Most designers used to sit at their ivory tower and designing a high-fidelity prototype with all details and handover it to developers for implementation. So other team members need to wait for several days to get the designer’s artifacts. It will create a delay and will increase the cost of change. In most cases, they don’t accept changes or feedbacks too, because they have fallen in love with their design.

Based on this article, “A wireframe is the first visual representation of a designer’s idea. It ensures that the developers and customers get a clear understanding of the functionalities and designs that the software needs to support. Don’t be fooled. Despite their minimalism, designers can find low-fidelity wireframes, inspiring. They are flexible tools that provide room for experimentation. When team members can visualize and agree upon the inclusion of features earlier in the development lifecycle, they spare their clients additional costs later on in development.

Low fidelity wireframes are just a quick sketch that can make ideas more tangible. Lоw fidelity wireframes are usually black and white schemes or simple sketches on paper or whiteboard focused on the “big picture” of the feature or page. UI elements are shown as boxes and lines without detailed annotations.”

https://uxdesign.cc/why-low-fidelity-wireframe-curious-in-product-design-c7bea87bc23d

At this step, we can invite the product owner too. I suggest using a whiteboard(even miro for remote teams) for wireframing.

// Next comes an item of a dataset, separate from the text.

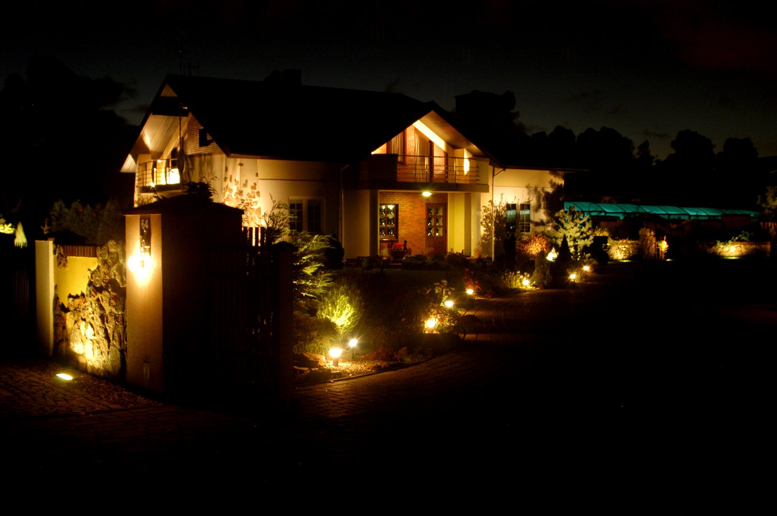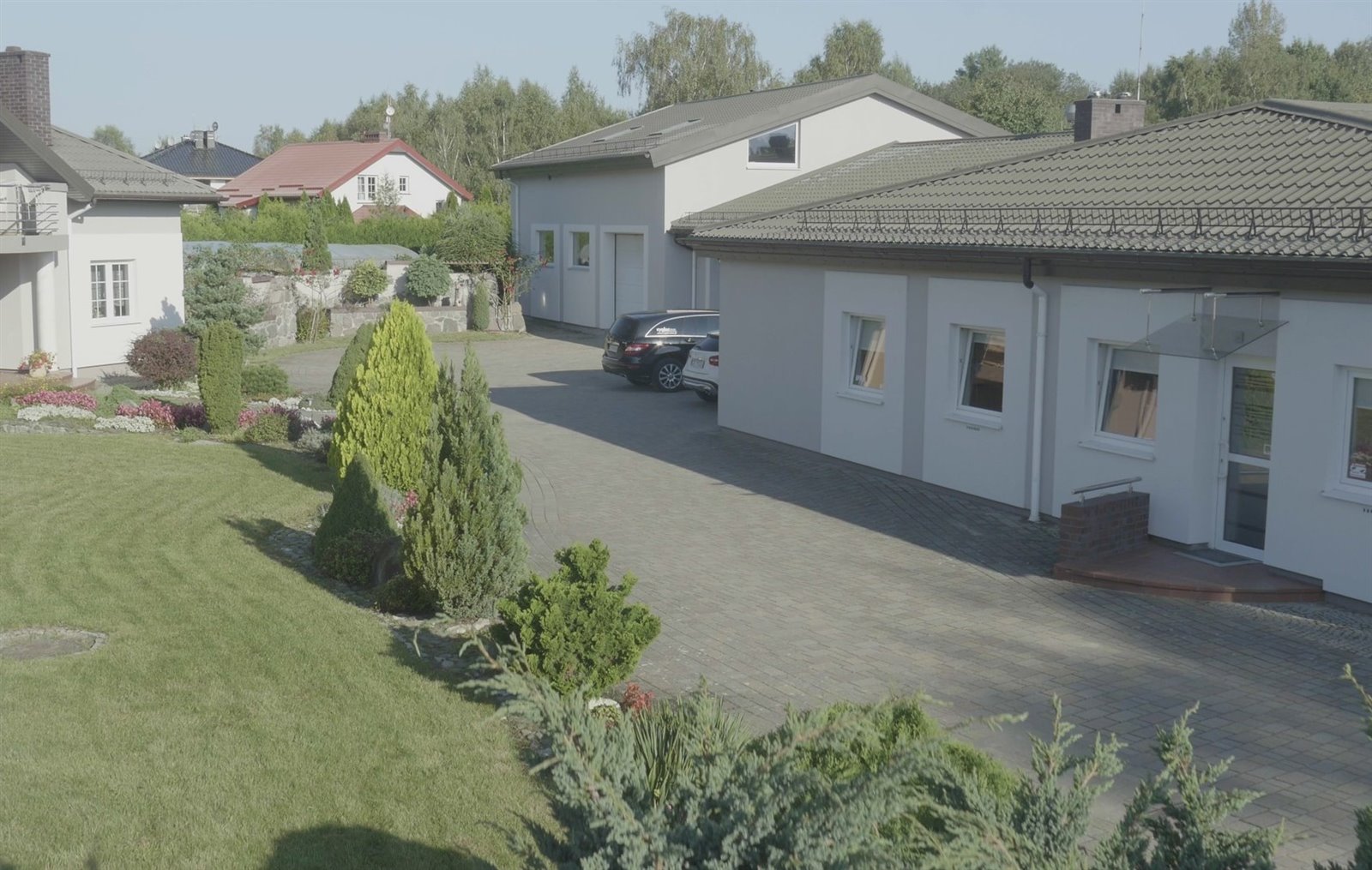 Oba obiekty usytuowane są na działce o pow. 0,37ha w spokojnej dzielnicy w bezpośrednim sąsiedztwie ogrodów działkowych. Na posesji znajduje się oczko wodne, duży obsługiwany komputerowo basen z ozonowaną i podgrzewaną wodą, przykryty teleskopowym zadaszeniem z poliwęglanu , pięknie urządzone i zadbane ogrody z ciekawą architekturą i wieloma punktami świetlnymi, licznymi drzewami, krzewami i kwiatami.

https://www.slideshare.net/jeffpatton/user-story-mapping-discovery-the-whole-story

Remember that, one of the agile values is “Individuals and interactions”, this swarming is not just about creating a wireframe, it’s about to let them interact together and break down the silo mindset. Talk together and create a shared understanding. We use the 3 amigos practice to facilitate a conversation. Shared understanding is more important than shared documents.

https://www.jpattonassociates.com/read-this-first/

The designer can start to design a high-fidelity wireframe after swarming, and other guys don’t need to wait for him.

2- Make an agreement on API Contract

It’s time to make an agreement on API contract. Today most modern software is based on API and JSON. The first step is to talk and make an agreement about API contract and so create a mock API based on the agreement. The frontend developer can start to implement the frontend of the login page without waiting to finish of backend task.

Acceptance criteria of the user story and wireframe will make it easy to create a shared API contract.

You can open your favorite editor, and type your JSON. Or you can use the on-the-shelf tools. In the next step, You can use an API mock server to test and call your Mock APIs too.

MockAPI.io is one of the great tools that you use it easily create a mock API.

Or Mock.io is another great tool that you can create a different kind of Mock APIs (Mock API for microservices, Mock JSON API, Fake JSON API)

https://mocki.io

Swarming of 3 amigos is great practice, to create a shared understating between individuals with different skills and create an agreement to make sure everyone can start it without delay. This practice is not just helping people to start their tasks together, 3 amigos swarms together to decrease the feedback loop and reduce the change cost.